Saturday, July 30, 2011

Researchers identify anonymous emails with 80-90% accuracy - I say not good enough

Originally published 3/14/11 on lubbockonline.com/glasshouses


At first glimpse it looks like a good thing. Researchers at Concordia University have devised a way to identify the authors of anonymous email. This is a great boon to prosecutors seeking to identify people using anonymous email accounts for illegal activity. Unlike an IP address, which can only be used to determine where an email was authored, this system will identify the author, and will do it with 80-90% accuracy.

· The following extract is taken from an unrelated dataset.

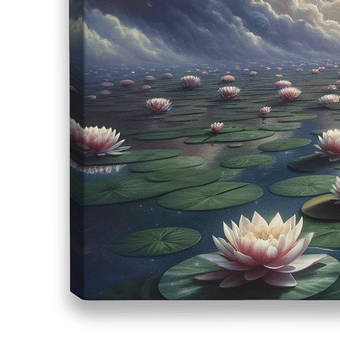 Das Bild entführt den Betrachter in eine Sphäre, wo die Grenzen zwischen Himmel und Wasser verschwimmen. Ein gewaltiger Mond beherrscht das Firmament, umgeben von einer Galaxie schillernder Planeten und Sternen. Unter ihm breitet sich ein stiller See aus, übersät mit Lotusblumen, deren Perfektion im sanften Glanz der kosmischen Lichter erstrahlt. Ein Koi, dessen Schuppen das Universum zu spiegeln scheinen, schwimmt durch dieses grenzenlose Nass, das sich in einem perfekten Spiegelbild am Himmel widerspiegelt. Die Szene ist ein meisterhaftes Spiel aus Licht und Farben, das die Schönheit des Kosmos und der Natur vereint und den Betrachter dazu einlädt, über die unendlichen Möglichkeiten der Existenz nachzusinnen.
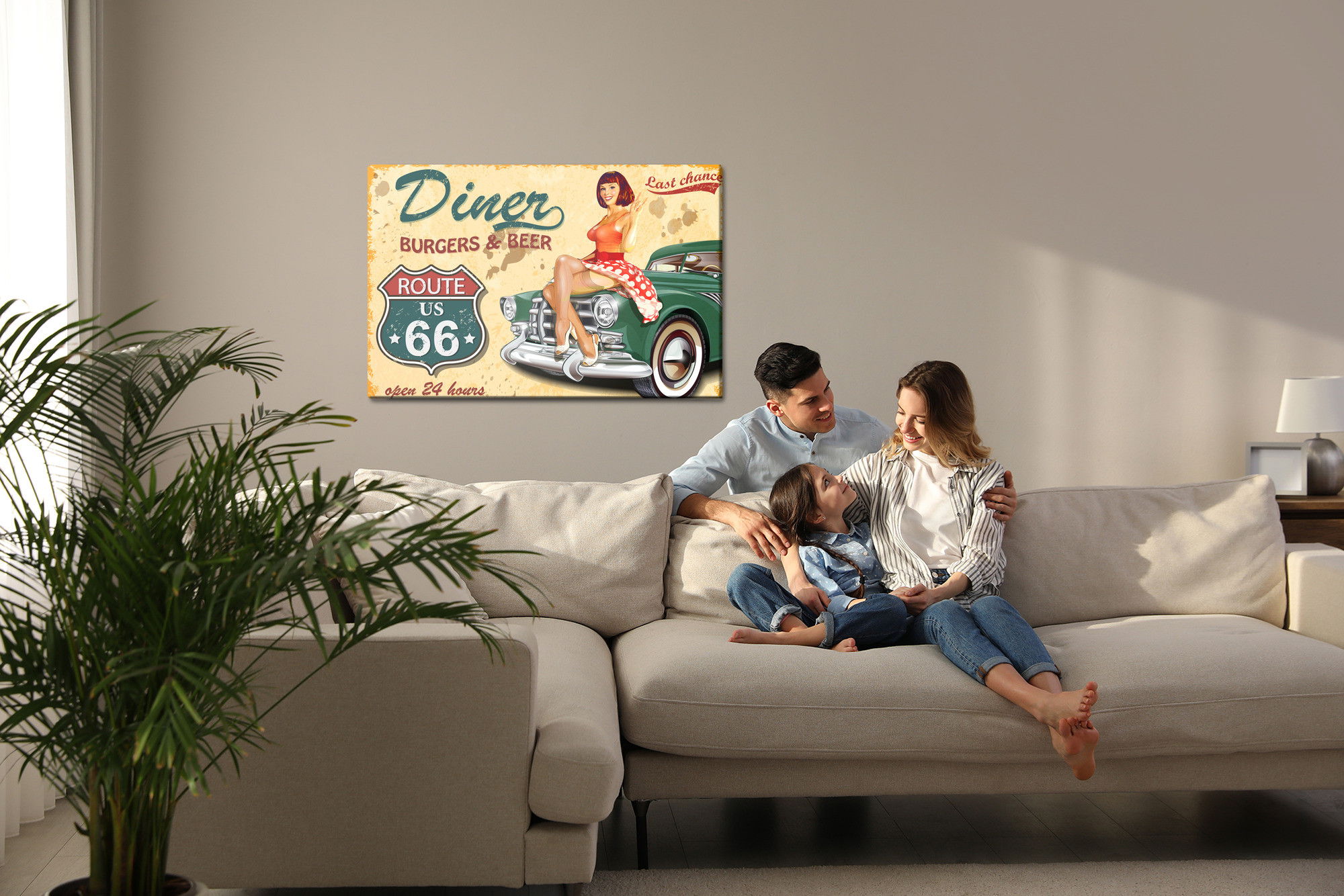 Varje tavla monteras på en massiv fururam. Format upp till 70×50 cm har en ram på 15 mm, medan format från 90×60 cm och uppåt har en ram på 20 mm. Den exakta dukspänningen gör att tavlan håller sin form över tid. Motivet Woman on the hood trycks runt hela ramen vilket ger ett stilrent galleriuttryck där tavlan är lika vacker från sidan som framifrån. Kombinationen av rak dukspänning, rena linjer och korrekt tryck ger en professionell finish.

Wait a minute. 80-90% accuracy is pretty good in some contexts, but in criminal cases? The reason for the research is sound:

“In the past few years, we’ve seen an alarming increase in the number of cybercrimes involving anonymous emails,” says study co-author Benjamin Fung, a professor of Information Systems Engineering at Concordia University and an expert in data mining – extracting useful, previously unknown knowledge from a large volume of raw data. “These emails can transmit threats or child pornography, facilitate communications between criminals or carry viruses.”

On an emotional level 80-90% seems pretty good, but is that good enough when you may be taking years from a persons life? In some cases, you could be taking their life. The case of Tim Coles is one the most prominent examples, both locally and nationally, of a person convicted on evidence that jurors thought was better than 90% accurate, but turned out to be 100% wrong. Further reading of the press release from Concordia shows that, once criminals become aware of this technique, 80-90% might be optimistic:

“Let’s say the anonymous email contains typos or grammatical mistakes, or is written entirely in lowercase letters,” says Fung. “We use those special characteristics to create a write-print. Using this method, we can even determine with a high degree of accuracy who wrote a given email, and infer the gender, nationality and education level of the author.”

So all I have to do to fool this system is to vary my writing style. Add intentionally misspell words in some emails, be meticulously correct in others. Make grammatical mistakes in some, not in others. Or just always make mistakes when using anonymous email that I don't usually make in my signed email.

Worse, given only 80-90% accuracy, how hard would it be for someone who receives a lot of email from me - or maybe even someone who reads this blog - to frame me using email? When it comes to criminal cases, 80-90% doesn't cut it.